◆ Exercise ◆
Exact reproduction is required for the lines below starting at the line with "main方法,这是Java程" and ending at the line with "57% off on - CELLO", both included. No other lines, and no pictures.

◆ Records for this exercise ◆
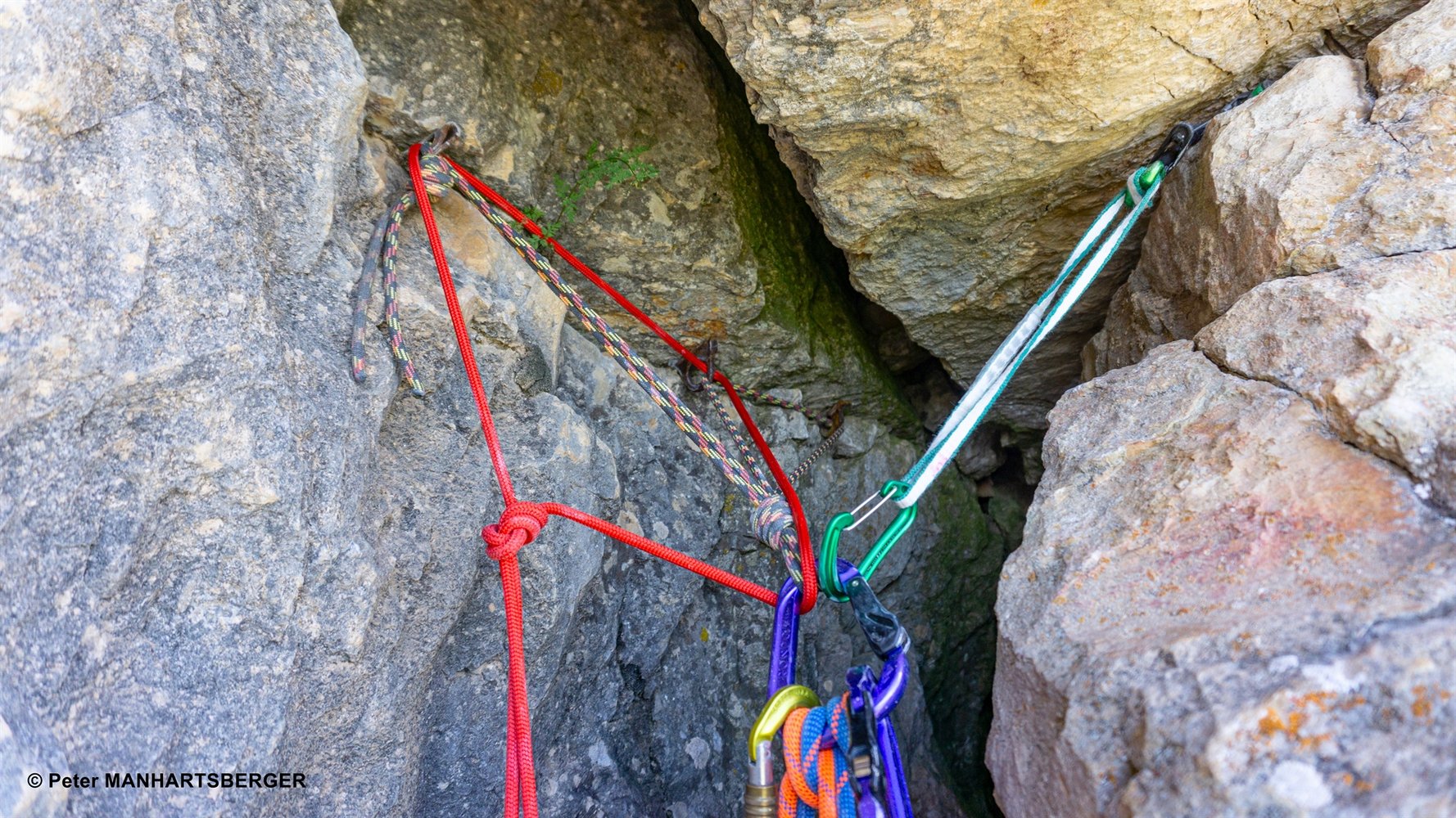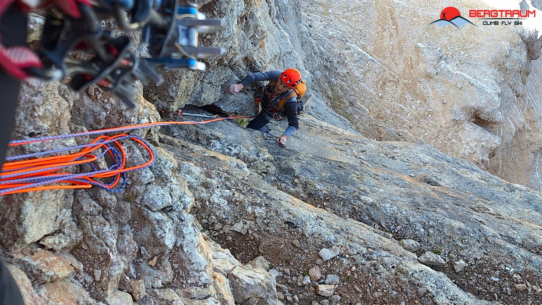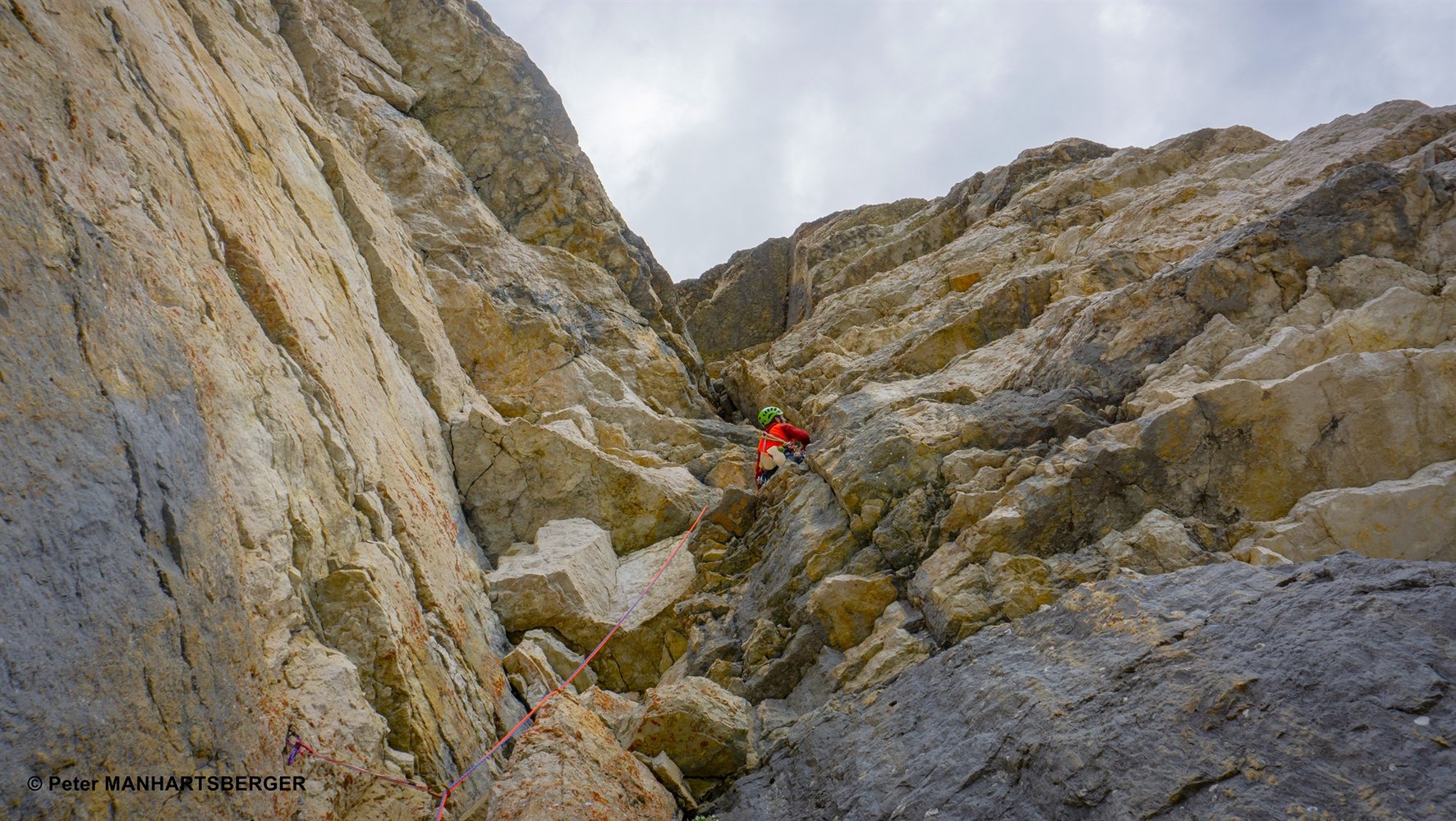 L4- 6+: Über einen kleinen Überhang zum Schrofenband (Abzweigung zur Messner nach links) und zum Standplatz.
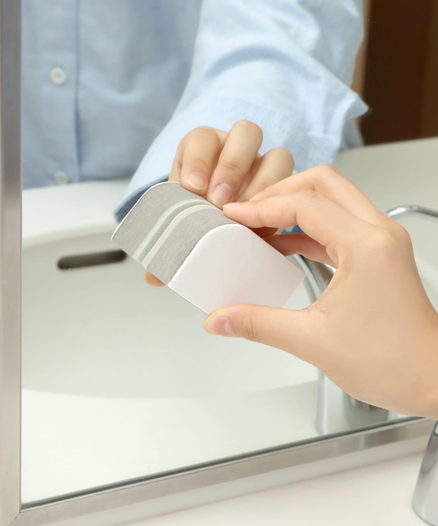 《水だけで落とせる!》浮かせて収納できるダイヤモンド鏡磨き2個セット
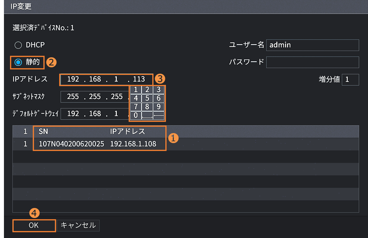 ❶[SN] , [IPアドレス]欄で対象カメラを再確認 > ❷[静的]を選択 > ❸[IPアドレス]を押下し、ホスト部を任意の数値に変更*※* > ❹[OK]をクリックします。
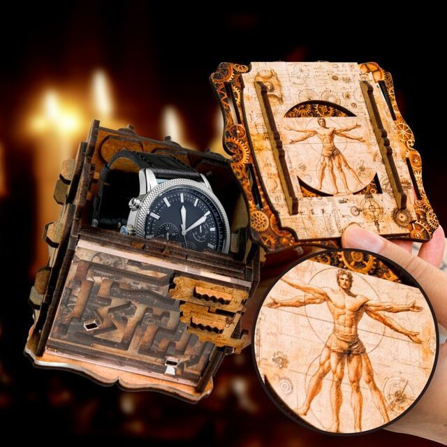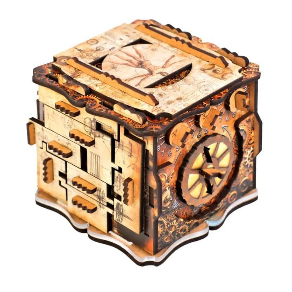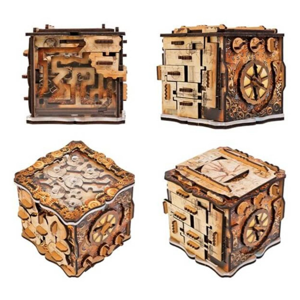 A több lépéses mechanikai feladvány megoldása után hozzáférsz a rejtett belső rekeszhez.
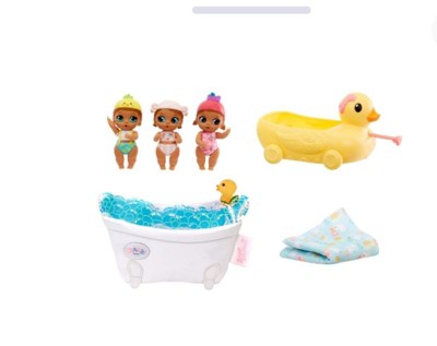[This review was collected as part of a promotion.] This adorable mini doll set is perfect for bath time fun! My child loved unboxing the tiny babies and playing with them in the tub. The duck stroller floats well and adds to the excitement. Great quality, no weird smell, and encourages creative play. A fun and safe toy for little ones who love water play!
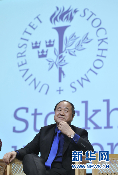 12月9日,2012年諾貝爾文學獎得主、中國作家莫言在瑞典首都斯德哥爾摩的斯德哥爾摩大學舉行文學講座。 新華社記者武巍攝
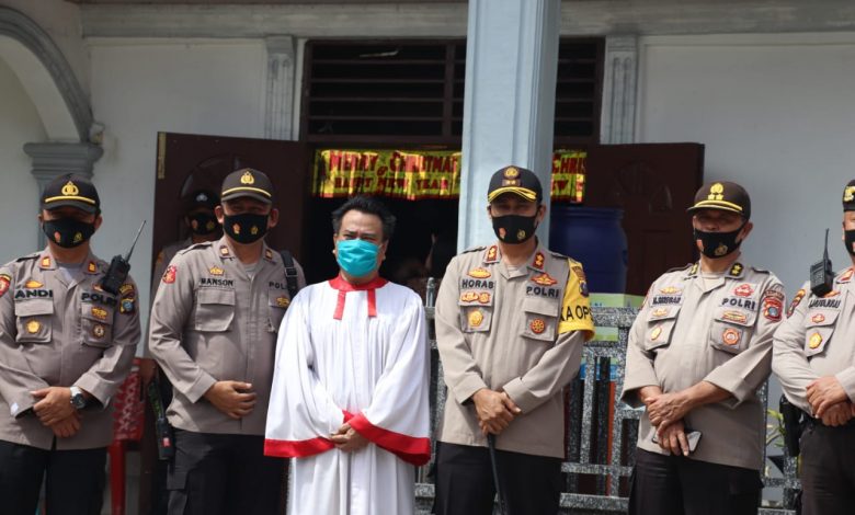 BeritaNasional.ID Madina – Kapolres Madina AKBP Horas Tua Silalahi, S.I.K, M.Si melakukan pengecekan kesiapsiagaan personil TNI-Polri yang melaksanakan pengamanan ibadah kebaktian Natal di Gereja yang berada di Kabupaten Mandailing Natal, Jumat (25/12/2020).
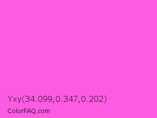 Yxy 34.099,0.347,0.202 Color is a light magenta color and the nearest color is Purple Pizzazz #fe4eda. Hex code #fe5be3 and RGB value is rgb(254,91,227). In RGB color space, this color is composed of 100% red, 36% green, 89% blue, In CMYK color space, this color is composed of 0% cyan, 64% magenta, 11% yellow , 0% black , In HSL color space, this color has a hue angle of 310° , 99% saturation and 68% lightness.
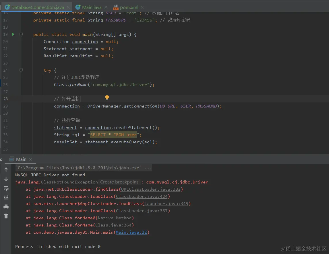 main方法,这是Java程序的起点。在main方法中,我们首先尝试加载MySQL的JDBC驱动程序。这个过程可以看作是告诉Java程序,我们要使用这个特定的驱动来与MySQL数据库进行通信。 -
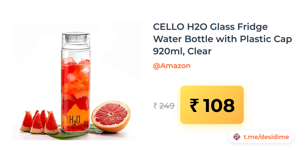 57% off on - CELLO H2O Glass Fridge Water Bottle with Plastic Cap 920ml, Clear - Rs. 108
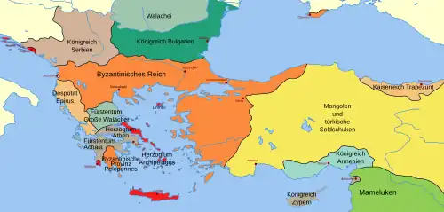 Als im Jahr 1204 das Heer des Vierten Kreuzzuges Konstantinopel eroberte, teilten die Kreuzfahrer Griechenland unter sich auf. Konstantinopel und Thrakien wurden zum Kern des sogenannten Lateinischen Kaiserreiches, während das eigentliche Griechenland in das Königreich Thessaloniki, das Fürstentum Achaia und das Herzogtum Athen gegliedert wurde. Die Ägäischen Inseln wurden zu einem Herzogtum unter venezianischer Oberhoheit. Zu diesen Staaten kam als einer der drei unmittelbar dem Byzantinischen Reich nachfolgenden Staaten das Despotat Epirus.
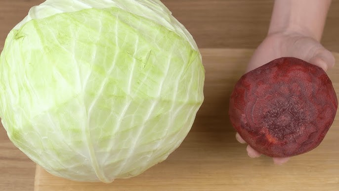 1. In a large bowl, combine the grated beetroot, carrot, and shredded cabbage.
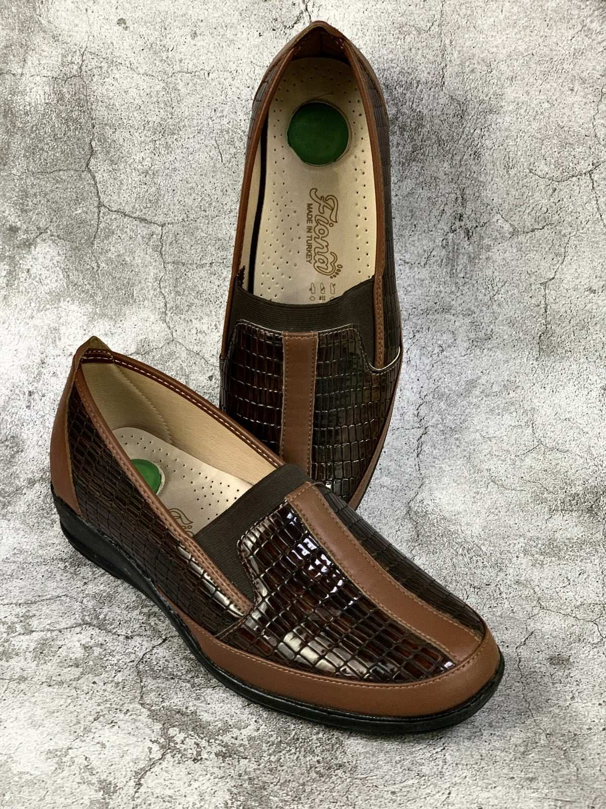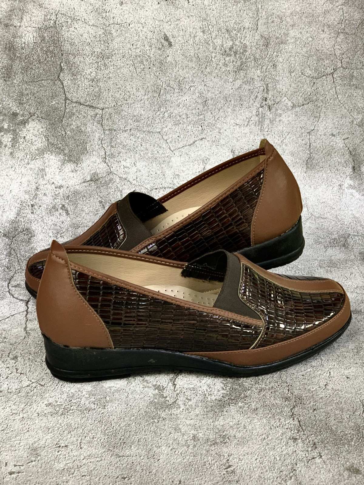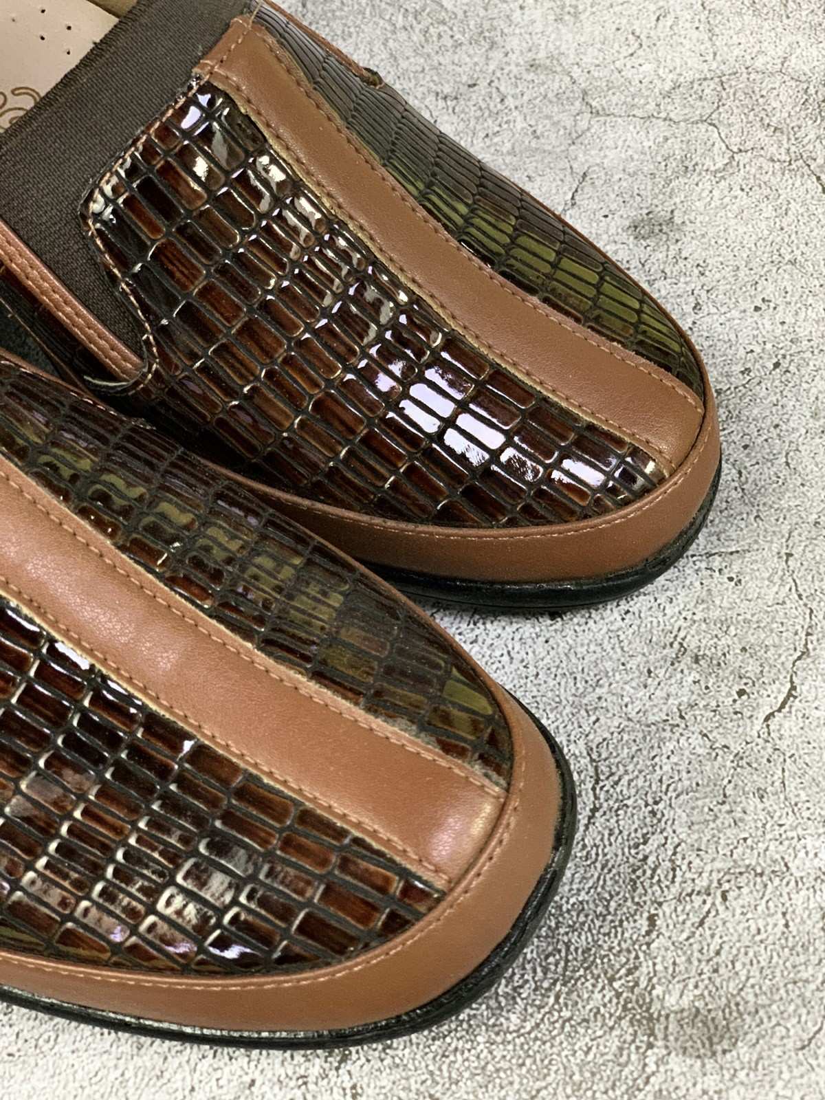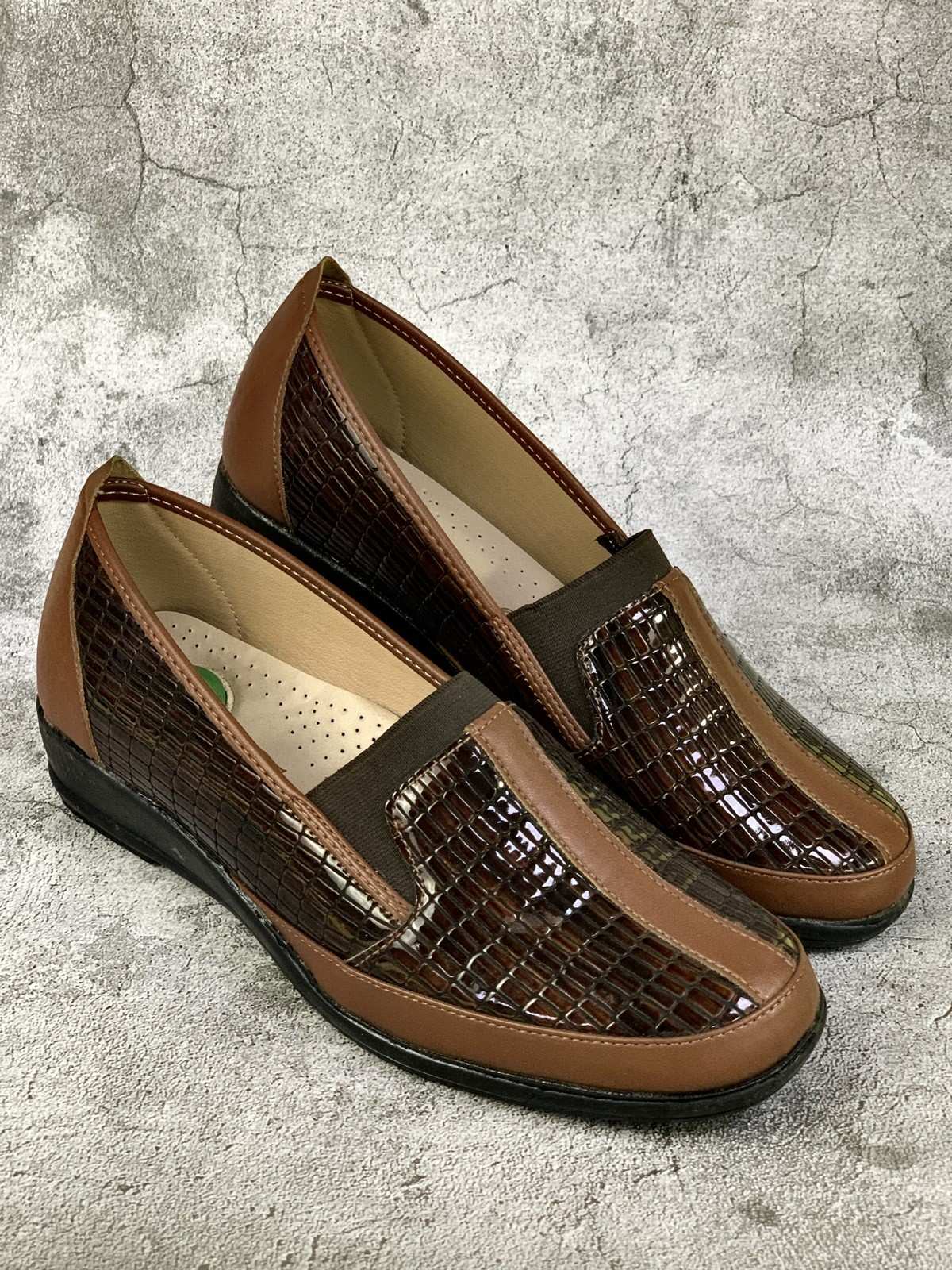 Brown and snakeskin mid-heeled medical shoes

◆ Output below ◆
 main方法,这是Java程序的起点。在main方法中,我们首先尝试加载MySQL的JDBC驱动程序。这个过程可以看作是告诉Java程序,我们要使用这个特定的驱动来与MySQL数据库进行通信。 -
 57% off on - CELLO H2O Glass Fridge Water Bottle with Plastic Cap 920ml, Clear - Rs. 108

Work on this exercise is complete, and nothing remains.